Figure 4. PTEN protein expression by immunohistochemistry is highly correlated with PTEN genomic loss by FISH

In Case A, PTEN protein is highly expressed in malignant glands, corresponding to a normal PTEN/CEP10 ratio by FISH, with retention of PTEN (red) and CEP10 (green) FISH signals in malignant cells.

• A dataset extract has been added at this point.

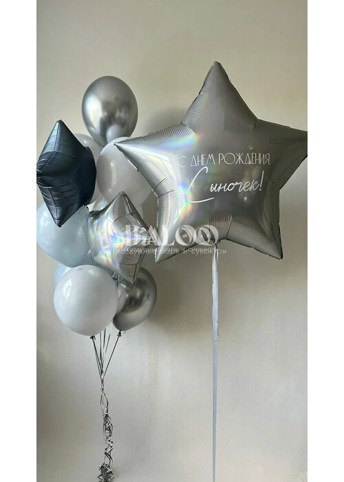 Набор шаров с большой серебряной звездой с надписью на день рождения №3104 — отзывы
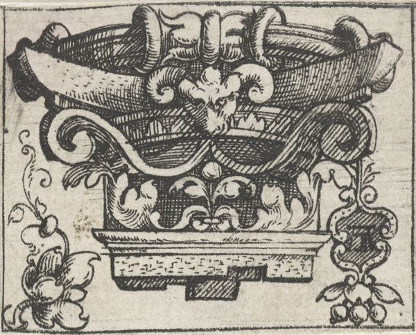 Editor: This drawing, "Fries met een vaas tussen twee putti en bladranken", was made around 1529 by an anonymous artist. It's an ink drawing or print that shows a vase flanked by putti and leafy scrolls. The whole design strikes me as meticulously balanced, but the putti also add an element of lively animation. What elements stand out to you most? Curator: Indeed, the work presents a fascinating study in contrasts. I'm drawn particularly to the artist's use of line. Note the way it defines form, creates texture, and delineates the various planes within the composition. It's a linear style reminiscent of the Northern Renaissance. The very precise lines contribute to a flattened picture plane that's typical of the period. Editor: I see what you mean about the use of line. The artist has a keen sense for decorative flair, too. But the subject also speaks volumes. Why fuse the classical vase motif with putti and foliage? What purpose do those choices have for the viewer? Curator: An intriguing question. What structural relationship exists between these forms? Could it be an allegorical connection to the Renaissance's rediscovery of classical forms with its own embrace of exuberant growth? Consider the composition. The putti and foliage actively frame the vase, directing our gaze and emphasizing its significance as the piece's focal point. Does the line work to create spatial depth or flatten it even further? Editor: So you’re suggesting that the way the lines are rendered contributes to the symbolism embedded in this historical artwork? It gives me a different perspective to think about. Curator: Precisely. Analyzing these structural components allows us to delve deeper into the work's meaning and appreciate the skill with which the artist integrates disparate elements into a cohesive whole. This framework reveals layers of symbolism and artistic intent that may have otherwise gone unnoticed.

In Case B, PTEN protein is markedly decreased in malignant glands, with a corresponding PTEN/CEP10 ratio of 0.18. Malignant cells show homozygous loss of the PTEN (red) signal in malignant cells, with retention of the CEP10 (green signal).

Figure 5. PTEN protein loss by immunohistochemistry is associated with poor clinical outcomes in a surgical cohort of high risk prostate cancer patients

(A) The Kaplan-Meier curve shows a significant decrease in metastasis-free survival for patients with PTEN protein loss by immunohistochemistry (p= 0.03). (B) The Kaplan-Meier curve for disease-specific survival shows a non-significant decrease in prostate-cancer specific survival in patients with PTEN protein loss (p = 0.06).